Is it possible to make zero-allocation coroutine runtime in C++?

1.6k views Asked by At

In Rust, asynchronous functions do not require allocating on the heap. Function async returns a compiler-generated structure on which you call a compiler generated poll method. The design of async looks logical and clear.

The design of coroutines in C++ is strange. It forces you to do allocation on the heap, because you have no other way to return something using co_return.

(It is possible to make a custom allocator that will make allocations in a buffer on the stack, but this will unnecessarily complicate the code.)

Why was it decided in the design of C++ that an object returned by a coroutine must have a promise_type?

Why is await_ready, await_suspend, await_resume not enough?

(It looks strange, and this is what enforces you to do allocation; you can't just directly construct a SomeTask<T> object (with three await_* methods) and return it.)

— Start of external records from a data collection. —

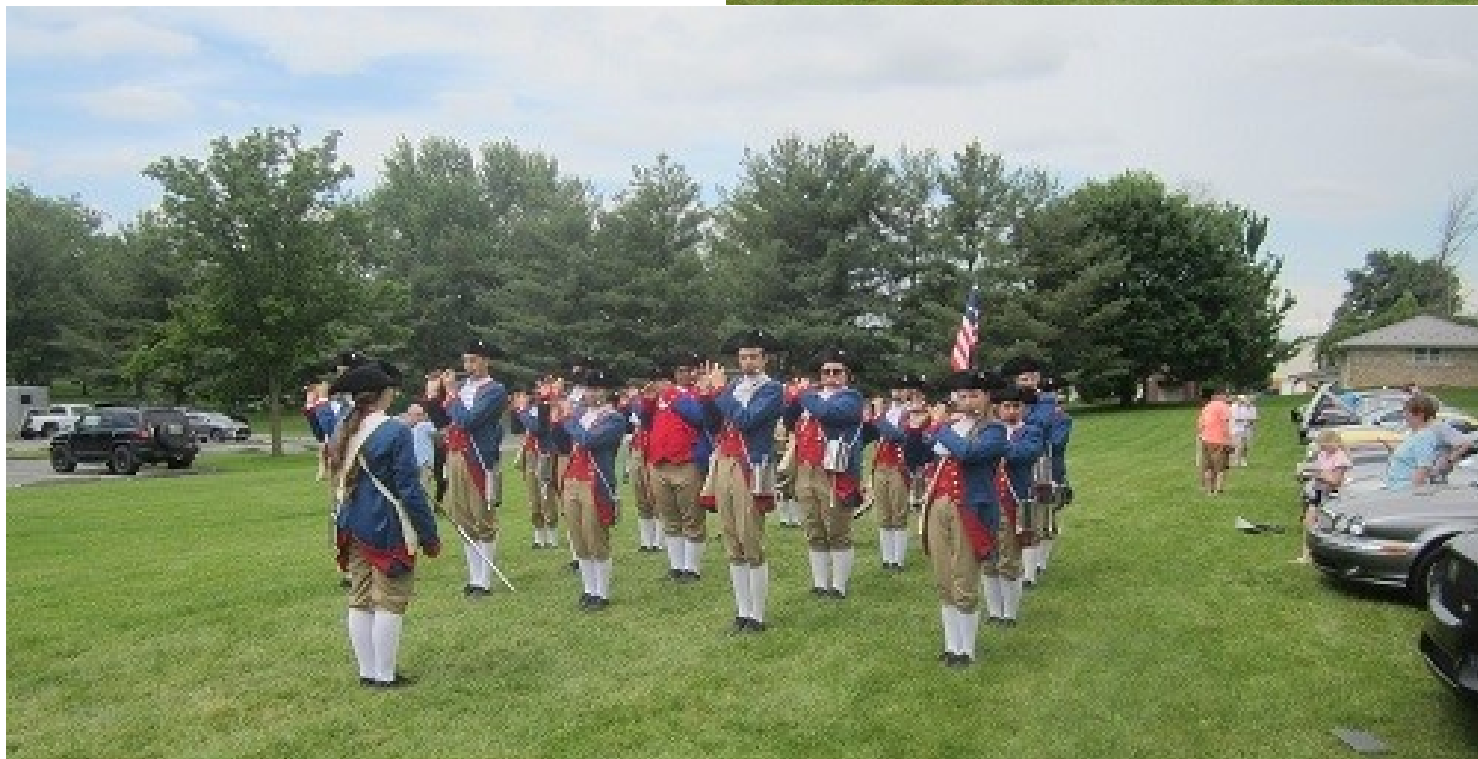
Patriotic music provided by a local student Fife and Drum Corps added to the spirit of the SVJC Concours held during Memorial Day weekend.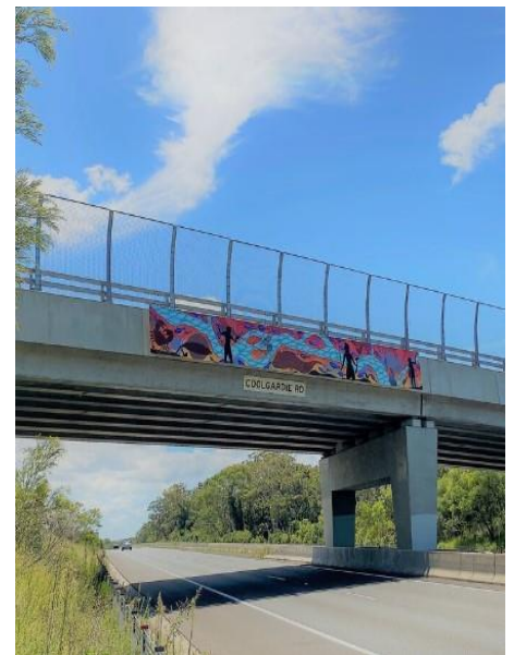
Installation of Coolgardie

nrcg Northern Rivers Community Gallery & Ignite Studios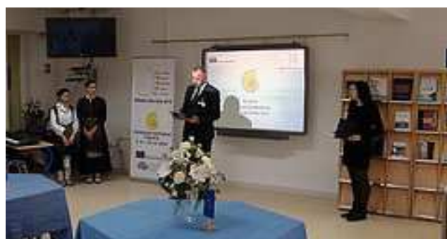
The school principal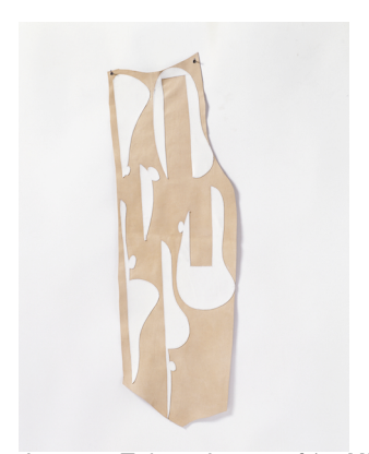
Jotta_06_Tabua_J30 03a.tif (17 MB)

Ana Jotta Tábua, 2001 sewn leather, eyelets 84 x 28 cm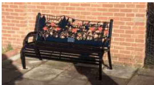
100th Anniversary Memorial Bench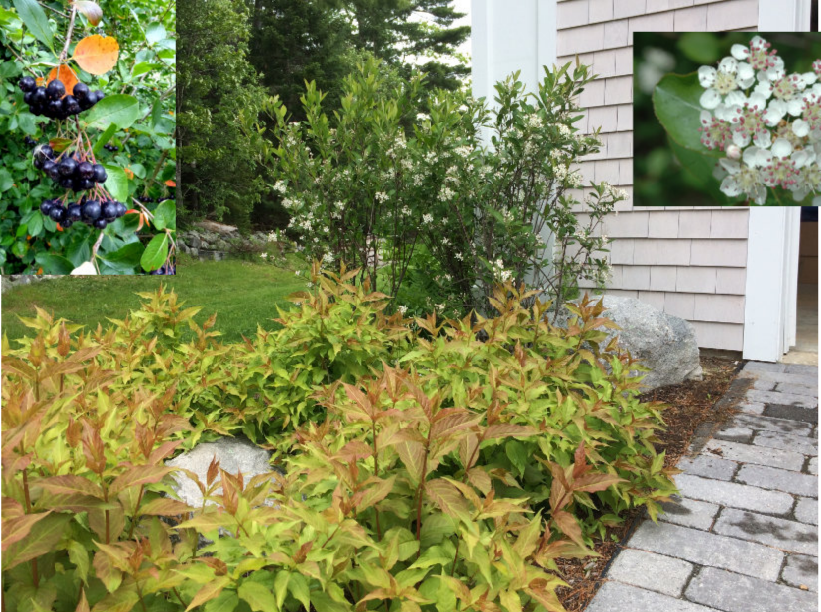
Aronia melanocarpa chokeberry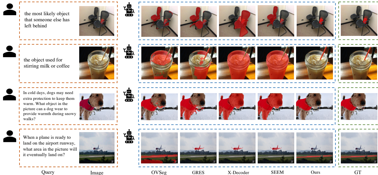
Figure 5. Visual comparison among LISA (ours) and existing related methods. More illustrations are given in the supplementary material.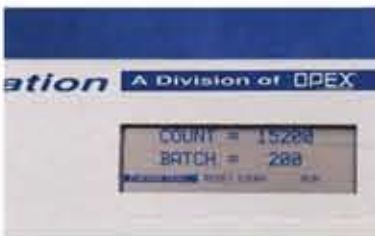
Job running/batching status.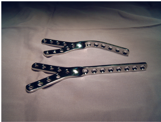
Figure 1. The anterolateral arthrodesis plate. Two different sizes of anterolateral arthrodesis plates are shown; one of the plates has been moulded into the appropriate shape to obtain the “arthrodesis position” of the leg. doi:10.1371/journal.pone.0085868.g001

which prove relevant in a HA context (pain and ability to walk) and on the measurement of any existing limb-length discrepancy (Table 2). Radiological evaluation was based on a standardized anterior-posterior radiograph of the hip and the pelvis and a lateral radiograph of the hip.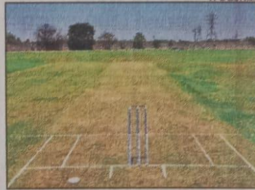
FOR BIG TOURNAMENTS

The turf wicket was established at the college at Panjapur in Trichy city by a profes-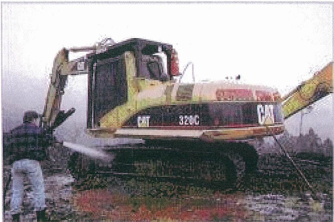
Figure 2 Washing down

Mark or record washdown sites with the landowner or manager for subsequent monitoring and weed control.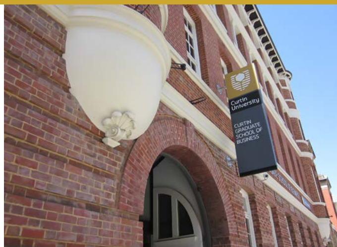
Curtin Graduate School of Business, Perth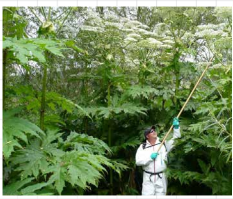
Spraying of giant hogweed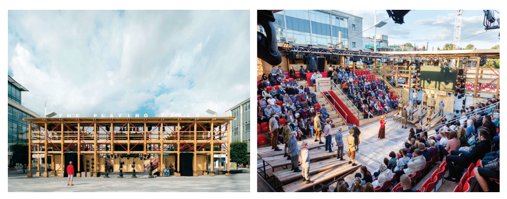
Fig. 9. Assemble, The Playing Field, exterior and interior during the play [11]

A large wooden structure was established vis-á-vis the Theater Royal. The construction was two-sided. On one side there was a wide ramp of slides, and on the other, stairs were built, which apart from providing access to the slides, served as the auditorium for theatrical performances. The surface of the slide was covered with plywood with a laminate imitating marble, giving the whole piece a light-hearted effect [10].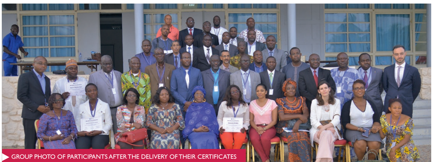
GROUP PHOTO OF PARTICIPANTS AFTER THE DELIVERY OF THEIR CERTIFICATES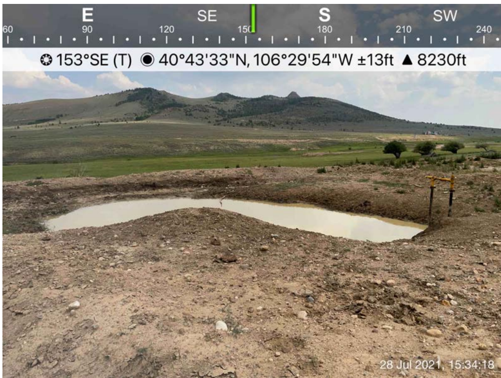
Photo 4: Margaret Spaulding (OWP) #2 well site location, 8/31/2021.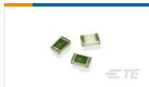
TE Part #1676324-2 RN 0805 3K16 0.1% 10PPM 1KRL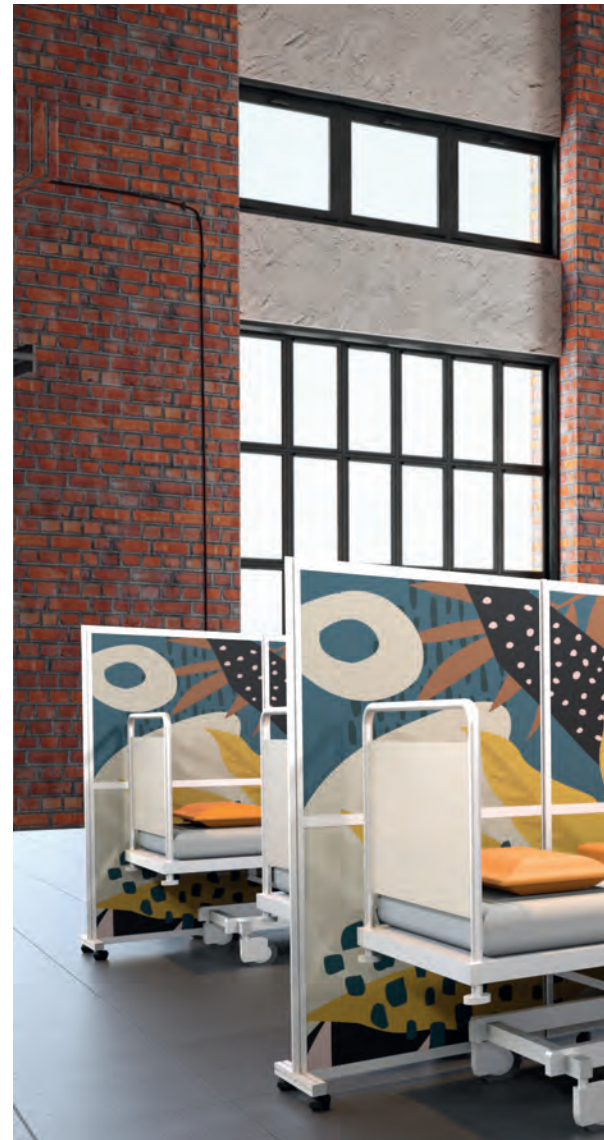
The folding walls are made of resistant, easy to clean material.

ALWAYS READY FOR SHORT-TERM CONVERSIONS.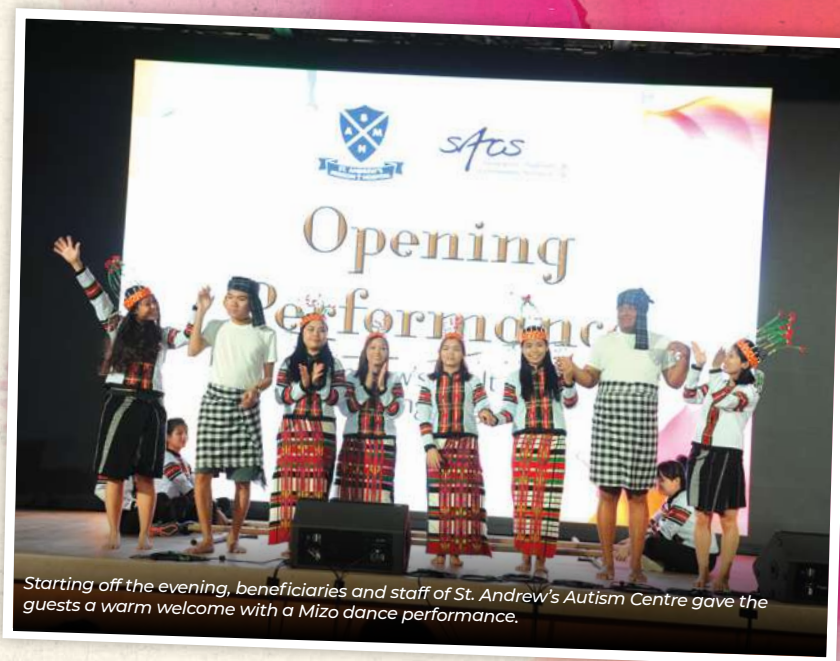
Starting off the evening, beneficiaries and staff of St. Andrew's Autism Centre gave the guests a warm welcome with a Mizo dance performance.

How can we make a zero-alloc coroutines without a custom allocator?

2

There are 2 answers

11
Nicol Bolas On BEST ANSWER

Essentially it forces you to do allocation on the heap, because you have no other way to return something using co_return

That's not the reason for the allocation.

Coroutines require storage to do their job. Not just the marshaling of return values, but for tracking the entire thing. The coroutine's stack, the thing that has to be paused and resumed, is part of this.

The whole point of a coroutine is that it can suspend execution and have that execution resumed by somebody. Who that somebody is is not known statically. And that is the reason why dynamic allocation is needed; coroutine lifetimes are not limited by the scope of their initial invoker.

If function X invokes coroutine A, and coroutine A suspends itself pending some async request, function X may just return the coroutine to someone else who will wait on it. This means that function X's call stack is gone. If coroutine A lived on function X's stack, its storage is gone now.

That's bad.

C++ stores coroutine A in dynamically-allocated memory to allow it to survive its calling invocation. This is the presumed default case of coroutines.

Presumably, the circumstances you are describing are those where function X itself is a coroutine that awaits on A, or otherwise will not leave its own scope until A is finished. This would allow the coroutine state of A to live on X's stack without problems. C++ compilers are permitted to optimize these conditions if they are detected; they can elide the dynamic allocation.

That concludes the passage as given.